Mappa Mundi
Justina Robson
Macmillan, 2001
ISBN 0-333-75438-7
Review by Paul Kincaid
To chart a way through this novel we must begin with the title: Mappa Mundi, the map of the world. The Mappa Mundi is a thirteenth-century map on display at Hereford Cathedral in which Jerusalem is seen to be the centre of the world. It is also a term that seems to have become suddenly fashionable. John Clute used it in Appleseed; now it is Justina Robson’s title and principal McGuffin, and despite the fact that the two novels are set eons and light years apart, both authors are using the term in essentially the same way: the egocentric world view, the world is what we perceive it to be.
Before we move away from base camp, note also that the publisher has chosen to decorate the cover with only one puff, from Zadie Smith, current new young literary darling and co-winner with Robson of a recent writing grant. Smith is not known for writing science fiction, or even, for all we might be aware, for reading it. We can read into this the suggestion that the book is aimed less at the hardened science fiction audience than at the hip mainstream. Should this alter the route we might choose to take through the work?

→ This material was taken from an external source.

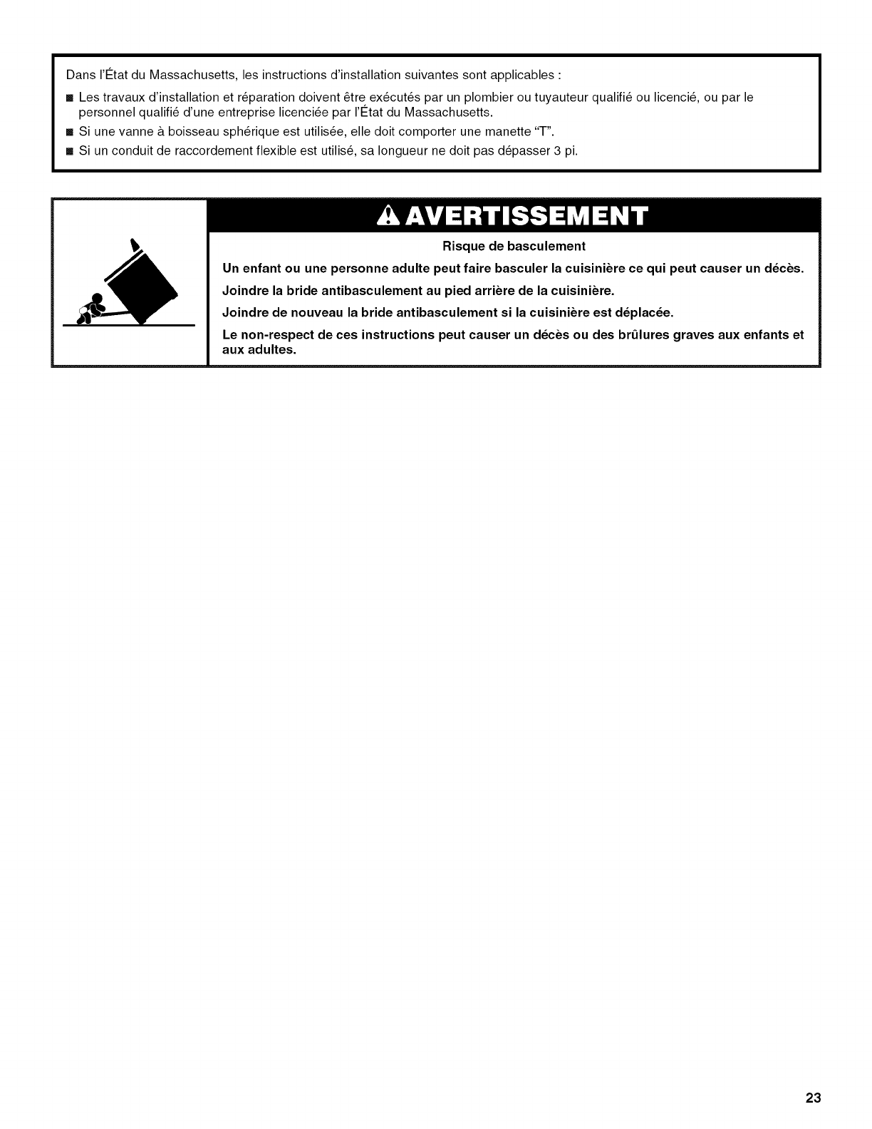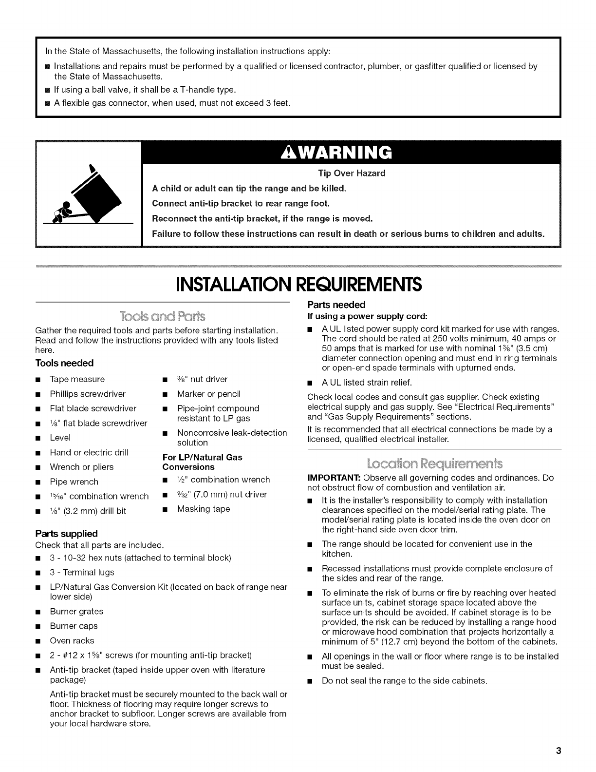 In the State of Massachusetts, the following installation instructions apply:

So, clutching our world map but perhaps uncertain as to our destination, we begin the journey. (On the right you will see the “Thanks”: “I have taken some liberties and made some imaginative leaps with the facts in order to make the scientific element of this story fit the drama”. To our left we are passing the epigraph from Charles Darwin: “Free will is an illusion caused by our inability to analyse our own motives.”) We come first to the Legends, and pause because here, surely, is the key we will need to read the rest of the map.